Critique : Premiere - Isabelle Danel (3/4) - Ken Loach est résolument de gauche. La plupart du temps, ses documentaires (Which Side Are You On ?, 1985, sur la grève des mineurs) comme ses fictions (It’s a Free World !, 2007, sur l’exploitation des sans-papiers) exposent, analysent et dénoncent des faits de société. Ici, il revient sur la politique de nationalisations mise en place par le gouvernement travailliste du Premier ministre Clement Attlee, qui fut au pouvoir de 1945 à 1951. Pour réveiller ses contemporains, rappelant aux oublieux et apprenant aux plus jeunes que le socialisme eut cours en Grande-Bretagne, il y met une énergie univoque et un peu de mauvaise foi (une trentaine d’années sont éludées pour pointer la seule responsabilité de Margaret Thatcher dans le déclin du pays). Mais Loach, cinéaste avant toute chose, exhume aussi des images d’actualités d’une beauté et d’une qualité inouïes. Et enregistre pour toujours les visages et les voix uniques de mineurs, de dockers ou d’infirmières de 80 printemps appelés à disparaître.

Note Presse : 3.7/5
Note du public : 3.0/5

Synopsis : L’année 1945 a marqué un tournant dans l’histoire de la Grande-Bretagne. L’unité de son peuple pendant les combats de 1939-1945, et le souvenir douloureux de l’entre-deux-guerres ont conduit à l’émergence d’un nouvel idéal social. La fraternité est ainsi devenue le mot d’ordre de cette époque.
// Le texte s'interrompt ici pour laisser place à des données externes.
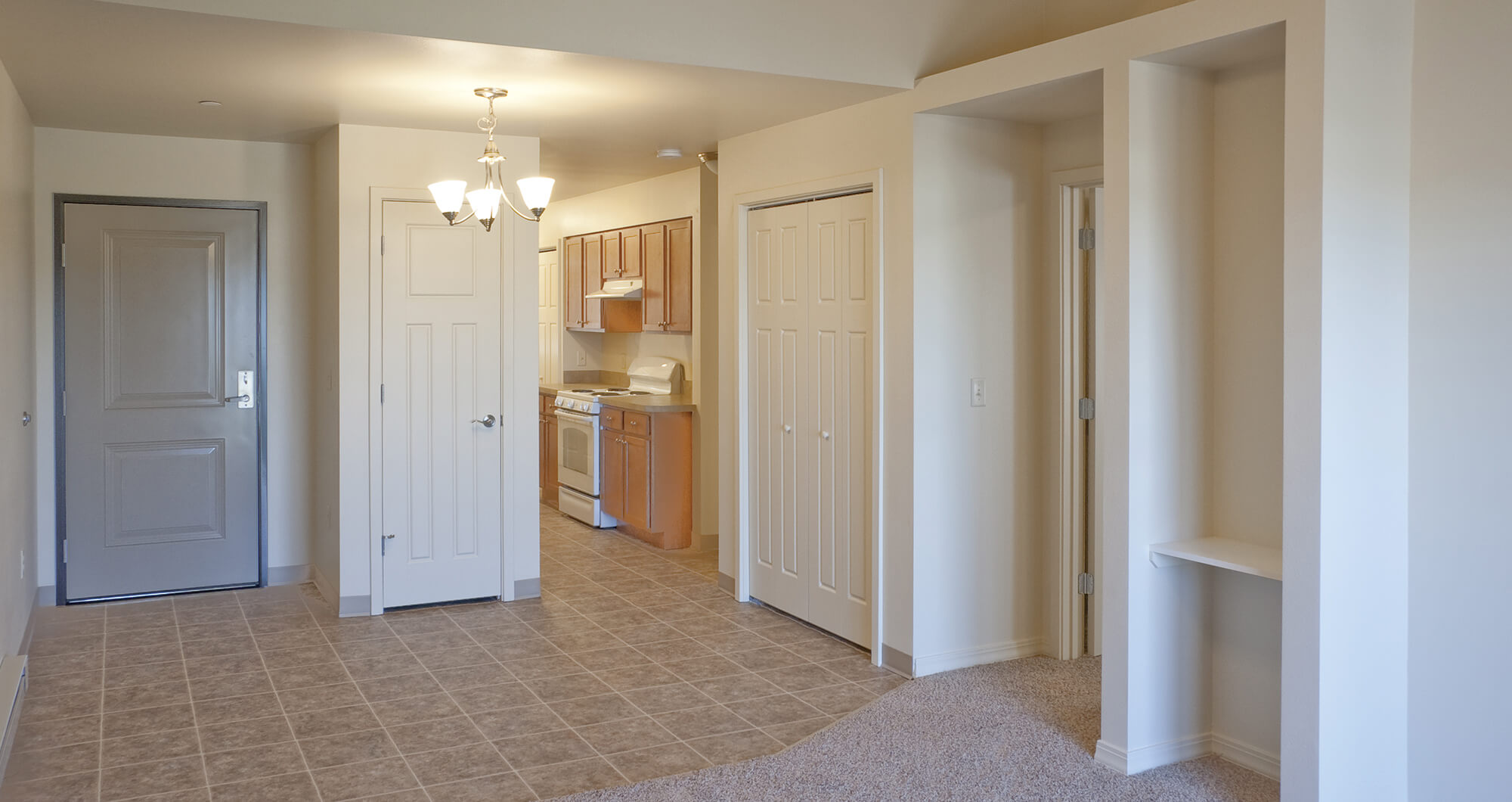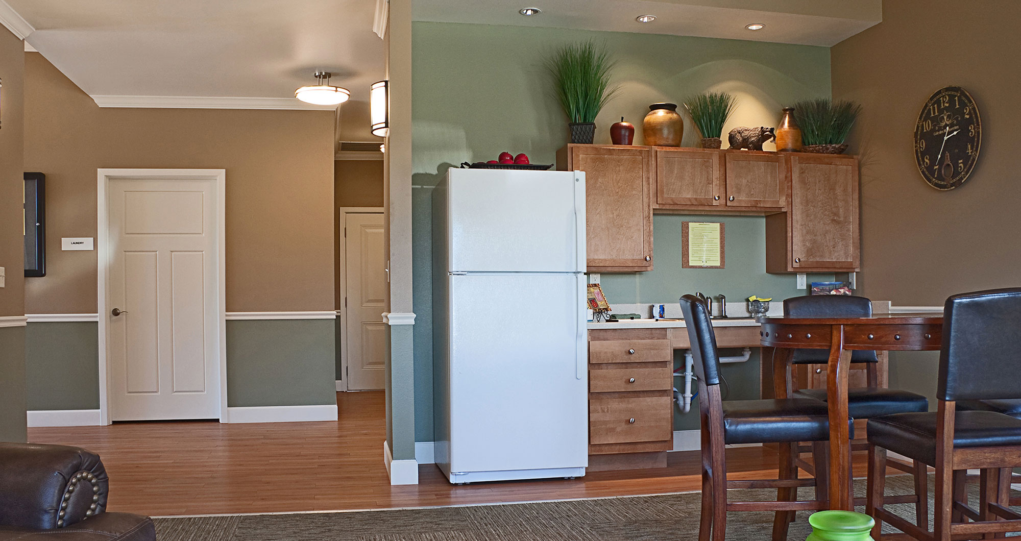 The complex, which consists of one- and two-story structures, has three residential buildings that contain a total of 36 living units (four studio apartments; 8, one-bedroom apartments; 18, two-bedroom apartments; and 6, three-bedroom apartments). A variety of colors provides interest and the buildings relate to surrounding land uses in scale. The units are clustered to avoid wetland areas and to create community open space. An additional community building has an office, exercise room, laundry, gathering space and accessible rest rooms.

Pour former la trame narrative éminemment sociopolitique de son film, le réalisateur Ken Loach a eu recours à des séquences vidéo provenant d’archives régionales et nationales britanniques, à des enregistrements sonores et à des témoignages contemporains. L’esprit de 45 entend mettre en lumière et rendre hommage à un moment clé de l’histoire du Royaume-Uni, marqué par un sentiment de solidarité sans précédent dont l’impact a été significatif pendant de nombreuses années, et qui risque pourtant d’être redécouvert aujourd’hui.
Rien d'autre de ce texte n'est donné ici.